1.2.1.3.2. Annotating—Exemplary Aspects

The annotation methods of this invention include those described in PCT patent publication Nos. 98/26407, 98/26408, and 99/49403 and U.S. Pat. Nos. 6,023,659 and 5,953,727 and are herein incorporated by reference in their entirety to the same extent as if each individual patent or patent application were specifically and individually indicated to be incorporated by reference in its entirety.

Thus, in one aspect, this present invention provides relational database systems for storing and analyzing biomolecular sequence information together with biological annotations detailing the source and interpretation the sequence data. The present invention provides a powerful database tool for drug development and other research and development purposes.

The present invention provides relational database systems for storing and analyzing biomolecular sequence information together with biological detailing the source and interpretation the sequence data. Disclosed is a relational database systems for storing and displaying genetic information.

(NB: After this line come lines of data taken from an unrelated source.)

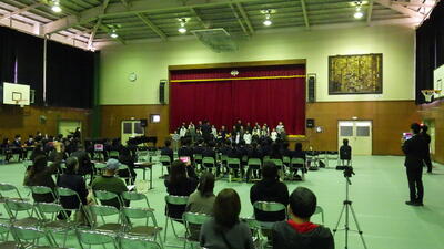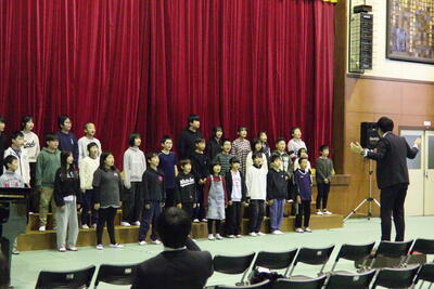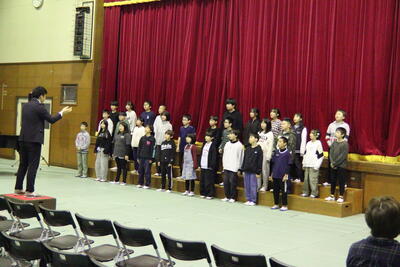 また、加佐中学校の生徒による合唱も披露され、力強く、心のこもった歌声が会場に響きました。中学生らしい表現力と迫力ある歌声に、小学生たちも大きな刺激を受けていました。
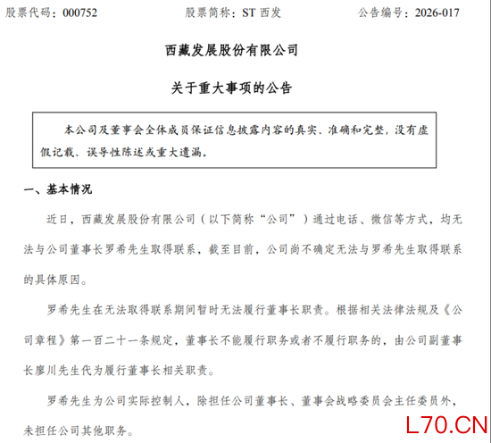 ST西发表示,罗希在无法取得联系期间,暂时无法履行董事长职责。根据相关法律法规及《公司章程》规定,董事长不能履行职务或者不履行职务的,由公司副董事长廖川代为履行董事长相关职责。
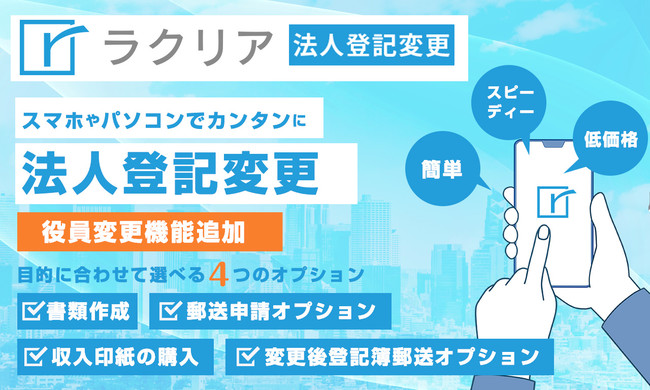 スマホやパソコンから簡単に法人登記変更「ラクリア法人登記変更」が「役員変更」に対応いたしました
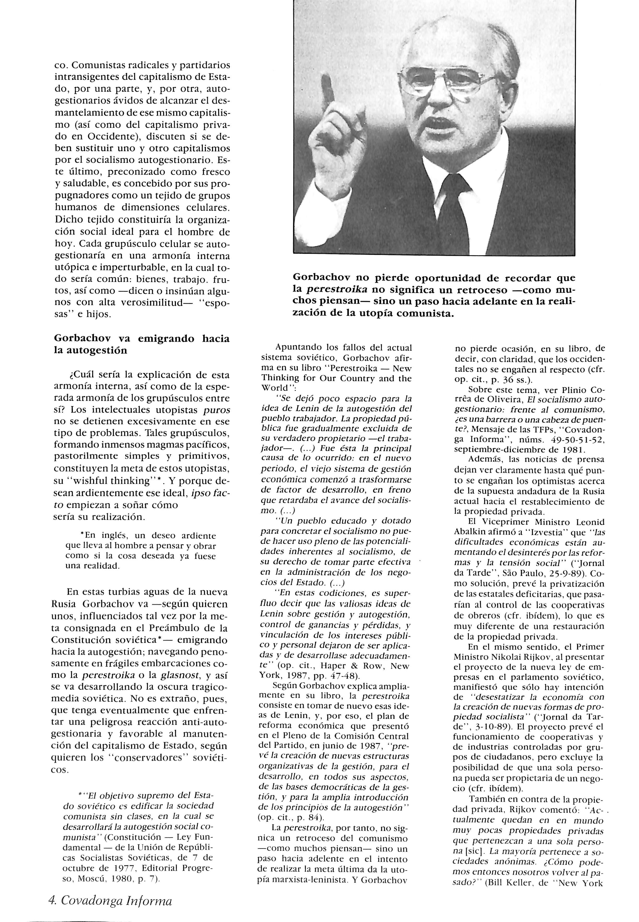 Incluso ahora, se intenta pre sentar toda la liberalización de estos pueblos como efecto de la acción de un solo hombre, Gorbachov,apesar de que varías ve ces haya anunciado oficialmente su intención de mantener el co munismo; sin hablar de que se trata de un h'der bastante des prestigiado en la propia Rusia.
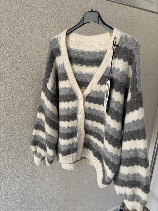 Prachtig vest met grijze strepen met knopen.

Associated with the database is a software system the allows a user to determine the relative position of a selected gene sequence within a genome. The system allows execution of a method of displaying the genetic locus of a biomolecular sequence. The method involves providing a database including multiple biomolecular sequences, at least some of which represent open reading frames located along a contiguous sequence on an organism's genome. An open reading frame for the sequence is selected and displayed together with adjacent open reading frames located upstream and downstream in the relative positions in which they occur on the contiguous sequence.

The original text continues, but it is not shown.